Healthcare agent - The person named in an advance directive or as permitted under state law to make healthcare decisions on behalf of a person who is no longer able to make medical decisions.
Hospice care - A program model for delivering palliative care to individuals who are in the final stages of terminal illness. In addition to providing palliative care and personal support to the patient, hospice includes support for
the patient’s family while the patient is dying, as well as support to the family during their bereavement.
Intubation - Refers to "endotracheal intubation"
the insertion of a tube through the mouth or nose into the trachea (windpipe) to create and maintain an open airway to assist breathing.
Legislation - Laws enacted by state or federal representatives.
Life-sustaining treatment - Treatments (medical procedures) that replace or support an essential bodily function (may also be called life support treatments). Life-sustaining treatments include cardiopulmonary resuscitation, mechanical
ventilation, artificial nutrition and hydration, dialysis, and certain other treatments.
Living will - A type of advance directive in which an individual documents his or her wishes about medical treatment should he or she be at the end of life and unable to communicate. It may also be called a “directive to physicians”, “health
care declaration,” or “medical directive.” The purpose of a living will is to guide family members and doctors in deciding how aggressively to use medical treatments to delay death.
Mechanical ventilation - Mechanical ventilation is used to support or replace the function of the lungs. A machine called a ventilator (or respirator) forces air into the lungs. The ventilator is attached to a tube inserted in the nose
or mouth and down into the windpipe (or trachea). Mechanical ventilation often is used to assist a person through a short-term problem or for prolonged periods in which irreversible respiratory failure exists due to injuries to the upper spinal cord or
a progressive neurological disease.
Medical power of attorney - A document that allows an individual to appoint someone else to make decisions about his or her medical care if he or she is unable to communicate. This type of advance directive may also be called a health
care proxy, durable power of attorney for health care or appointment of a health care agent. The person appointed may be called a health care agent, surrogate, attorney-in-fact or proxy.

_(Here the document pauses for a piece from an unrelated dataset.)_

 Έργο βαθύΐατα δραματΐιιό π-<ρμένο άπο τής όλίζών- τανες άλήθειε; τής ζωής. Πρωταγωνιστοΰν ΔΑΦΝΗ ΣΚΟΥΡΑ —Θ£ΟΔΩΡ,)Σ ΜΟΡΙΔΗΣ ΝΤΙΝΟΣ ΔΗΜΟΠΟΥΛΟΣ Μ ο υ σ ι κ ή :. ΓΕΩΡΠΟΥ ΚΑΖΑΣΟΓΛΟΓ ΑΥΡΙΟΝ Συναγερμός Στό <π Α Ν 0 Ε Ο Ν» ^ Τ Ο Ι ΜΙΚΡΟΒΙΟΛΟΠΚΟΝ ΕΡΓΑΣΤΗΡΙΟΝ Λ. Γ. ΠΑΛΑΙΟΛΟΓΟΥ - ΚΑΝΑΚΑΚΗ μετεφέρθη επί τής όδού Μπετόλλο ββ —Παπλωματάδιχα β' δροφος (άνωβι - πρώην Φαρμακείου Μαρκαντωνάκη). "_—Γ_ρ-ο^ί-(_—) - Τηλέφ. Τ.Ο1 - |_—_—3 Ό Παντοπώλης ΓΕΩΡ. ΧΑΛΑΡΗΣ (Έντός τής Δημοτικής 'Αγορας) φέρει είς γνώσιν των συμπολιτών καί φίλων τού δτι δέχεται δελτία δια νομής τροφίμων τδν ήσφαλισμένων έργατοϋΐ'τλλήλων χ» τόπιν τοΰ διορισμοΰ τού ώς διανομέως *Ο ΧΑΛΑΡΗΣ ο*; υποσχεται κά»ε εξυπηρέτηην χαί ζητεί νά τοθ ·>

Palliative care - A comprehensive approach to treating serious illness that focuses on the physical, psychological, spiritual, and existential needs of the patient. Its goal is to achieve the best quality of life available to the patient
by relieving suffering, by controlling pain and symptoms, and by enabling the patient to achieve maximum functional capacity. Respect for the patient’s culture, beliefs, and values are an essential component. Palliative care is sometimes called “comfort
care” or “hospice type care.”
Respiratory arrest - The cessation of breathing - an event in which an individual stops breathing. If breathing is not restored, an individual's heart eventually will stop beating, resulting in cardiac arrest.

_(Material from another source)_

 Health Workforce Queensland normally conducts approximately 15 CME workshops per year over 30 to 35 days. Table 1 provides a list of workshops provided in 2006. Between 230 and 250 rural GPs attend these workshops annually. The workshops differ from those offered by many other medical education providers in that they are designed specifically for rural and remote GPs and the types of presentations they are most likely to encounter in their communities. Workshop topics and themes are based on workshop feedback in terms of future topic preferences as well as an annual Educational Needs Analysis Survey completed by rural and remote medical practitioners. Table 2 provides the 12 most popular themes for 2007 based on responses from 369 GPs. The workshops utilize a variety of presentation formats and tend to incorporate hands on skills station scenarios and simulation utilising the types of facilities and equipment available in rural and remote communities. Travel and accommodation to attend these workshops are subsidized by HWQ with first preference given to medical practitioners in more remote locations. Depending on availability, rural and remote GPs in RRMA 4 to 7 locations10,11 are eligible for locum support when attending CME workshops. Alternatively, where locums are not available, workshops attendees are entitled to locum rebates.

Surrogate decision-making - Surrogate decision-making laws allow an individual or group of individuals (usually family members) to make decisions about medical treatments for a patient who has lost decision-making capacity and did not
prepare an advance directive. A majority of states have passed statutes that permit surrogate decision making for patients without advance directives.
Withholding or withdrawing treatment - Forgoing life-sustaining measures or discontinuing them after they have been used for a certain period of time.